The most important point to remember is that these properties will only work if the relevant essential oil contains the correct chemical profile - the chemical composition of an oil. However, during the growing and harvesting of the plant, the manufacture, storage and distribution process, there are many factors that can affect the chemical profile detrimentally. Every stage has to be conducted with knowledge and expertise - skills that are sometimes handed down from generation to generation. One final issue is that of adulteration. As I have mentioned, the oils are expensive to produce but some unscrupulous companies adulterate expensive oils with cheaper oils that have a similar aroma, e.g. essential oil of rose is sometimes adulterated with geranium or rosewood. This practise is designed to increase the profit margin and, to the untrained ‘nose’, it is often not detected. Professional practitioners are trained to recognise good quality oils and will only use producers and wholesalers who can provide the necessary certification required to guarantee therapeutic quality.


There are several routes by which essential oils enter the body:


SKIN:

MASSAGE - Essential oils are diluted in a vegetable oil and massaged into the skin.

COMPRESSES - Essential oils are diluted and soaked in a cloth that is placed on specific areas of the body to treat conditions such as headaches, migraines, painful periods, inflamed joints and muscles.  

CREAMS, LOTIONS AND GELS - Essential oils are dispersed in these mediums to help conditions like eczema, acne, psoriasis, ulcers and wound healing.

BATHS - Essential oils are diluted in a dispersant and added to bath water - to balance many physical and emotional conditions.


INHALATION AND DIFFUSION:

With the aid of a nasal inhaler, smelling strip or a room diffuser, the molecules of essential oil make their way via the nose and mouth through the respiratory system - ideal for colds, flus, and nasal congestion.


OLFACTION:

When essential oils are inhaled, their molecules reach the olfactory bulb inside the top of the nose where exposed nerve endings transmit the information from the molecules of the oils to the limbic system, the part of the brain that stores emotions and memories. The oils have a direct effect on the nervous and hormonal systems: scientific research has demonstrated that certain essential oils balance brain chemistry and can be used as a sedative, mood stabiliser, and antidepressant.


Whilst I was Chair of the International Federation of Aromatherapists, I had the privilege of meeting recipients of the IFA Aromacare diploma. This training course provides aromatherapy training - utilising olfaction and limited massage - for carers of both children with emotional and educational challenges, and elderly people with dementia. In both areas remarkable results have been achieved with local authorities, nursing homes and certain sectors of the NHS choosing to train some of their carers in this discipline. Carers want to find ways in which they can improve communication with their clients in a respectful and dignified way and aromatherapy ticks all the boxes, often being effective when everything else has failed.


It has been established that negative and positive experiences can be associated with fragrances and stored in the unconscious, and that association - good or bad - can be triggered whenever the fragrance is introduced. Research has further established that the same memory trigger can be genetically transferred for several generations. This fact is very important in demonstrating how essential oils can stimulate deep-seated memories and it is therefore crucially important that a practitioner knows how to deal with this effectively to avoid a client becoming emotionally vulnerable.

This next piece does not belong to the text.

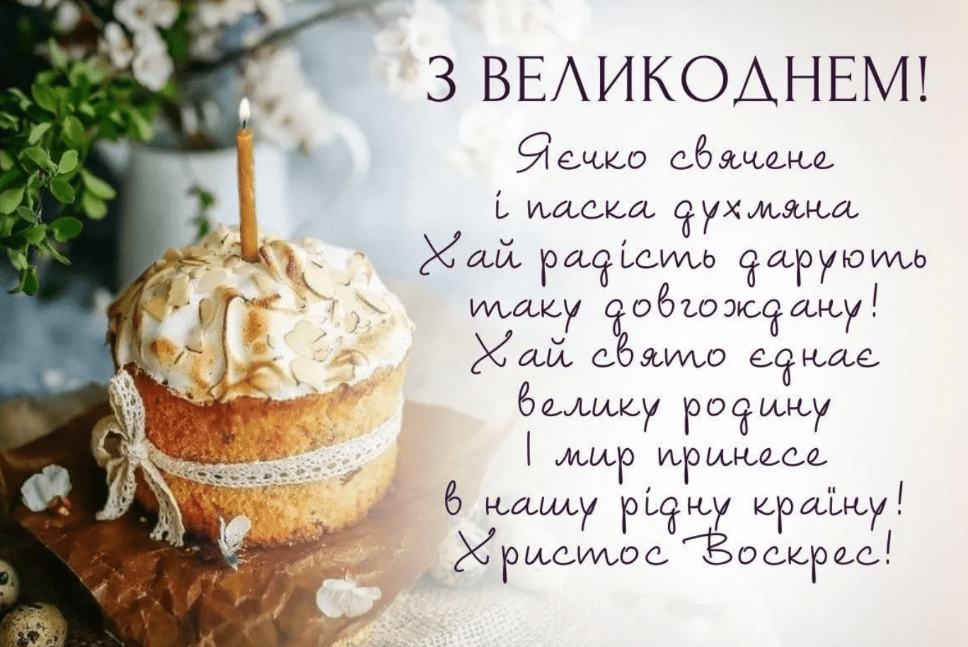 Ось і наступило світле свято Великодня, свято, що об’єднує мільйони людей по всьому світу навколо віри в торжество добра та давніх традицій. У цей святковий день ми будемо вітати один одного щирими словами від усього серця, ділячись радістю від знаменної події — Воскресіння Христа.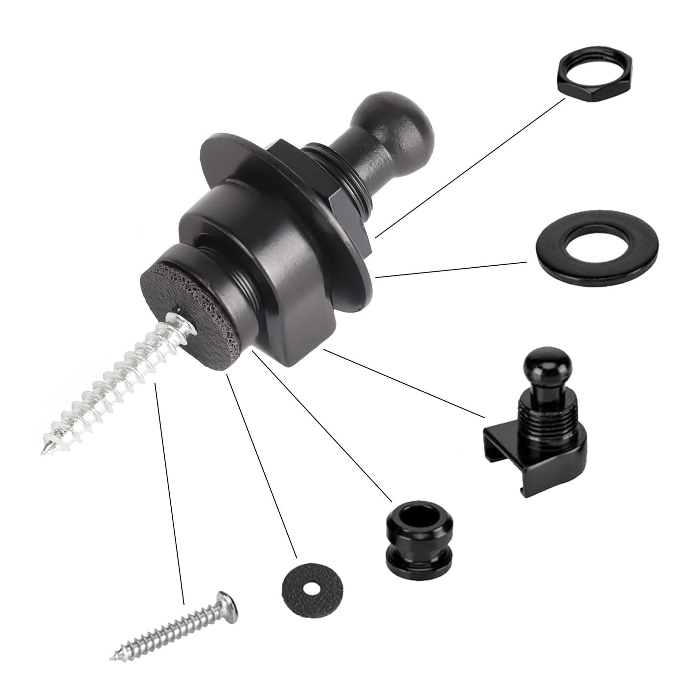 - Material- These guitar strap buttons are made of premium metal, durable and sturdy. Adopting electroplating process, with glossy and smooth surface, can be used for a long time. Ingenious design, superb materials and outstanding quality, durable and lightweight, for decades the most popular strap lock system for guitar and bass.

There is a branch of Clinical Aromatherapy in France, Olfactotherapy, which uses olfaction specifically to address and re-programme negative emotions or trauma. Olfactotherapy works on the principle that certain essential oils have the ability to release specific negative memories in any individual. I have used this method for decades in my practice and have achieved excellent results, even when the client detests the fragrance of the oil, which I think is evidence that it is not a requirement for the client to like the aroma of an essential oil for it to work therapeutically. Essential oils work on many levels and the sense of smell is just one. When dealing with emotions, a practitioner often has to confront resistance in a client and this is where essential oils can help release blockages and barriers - a useful tool for counsellors and psychotherapists. Olfaction, therefore, can initiate a connection in an individual with their history and demonstrates how the symptoms of the present can be influenced by inherited negative memories. (This is a complex subject that I will cover in a future Podcast). But I want to illustrate how important experience and knowledge is when using essential oils. When addressing emotions, the practitioner must be able to guide the individual to process whatever is released emotionally, safely, holistically and in the correct context - this is one of the most important considerations to be aware of when using essential oils.


INGESTION

This is a form of Clinical Aromatherapy where the essential oils are administered either orally like a medicine. It is a practice more common in Europe and nearly always administered by a medical doctor. The essential oils are dispersed in an appropriate medium and the dosage and blend is specifically tailored to the individual. This method is sometimes referred to as medical aromatherapy and requires appropriate training. It is not to be confused with the dangerous practice of drinking essential oils in water that I mentioned earlier.


RESEARCH

Research is the gold standard by which the medical and scientific communities measure everything to do with health. However, when medical practitioners in the UK consider natural therapies, there is nearly always the automatic response, ‘there is insufficient evidence’. Unfortunately the UK medical and scientific communities do not consider research that is conducted outside of this island. There is a significant amount of research conducted in countries that have the same academic standards as the UK, like France, Germany, Italy, Russia, China, Japan and South Korea, as well as a great deal of anecdotal experience attesting to the benefits of essential oils which is being completely ignored in the UK.

HISTORY

We are not talking about a therapy that has only been practised in modern times. The history of the therapeutic use of essential oils has been documented in one form or another throughout antiquity - and can be traced from Ancient Egypt, Greece, and Rome, through to the 12th Century with St Hildegard of Bingen, the celebrated herbalist, naturopath, alchemist, and mystic, to Paracelsus who revolutionised medicine during the Renaissance. The pioneers in modern times were French, and date from the 1880s when essential oils were discovered to heal tuberculosis. But it was Rene-Maurice Gattefossé, a French chemist, in 1910 who discovered the healing properties of essential oils when his hand was severely burnt after an explosion in his laboratory to which he applied essential oil of lavender. He went on to successfully use essential oils on seriously wounded soldiers during the First World War and famously coined the word “Aromatherapie” in 1937 in an attempt to distinguish the therapeutic practice from perfumery. Since then French doctors, chemists and pharmacists have been able to identify the specific monographs of each essential oil (the detailed information of the oil - the botany, origins, chemical composition, history and traditional uses, pharmacological and clinical studies, actions, indications, and safety) and have contributed to the large body of research and documented experiences available today, which has been supported and supplemented by leading figures in the industry in the UK and Australia.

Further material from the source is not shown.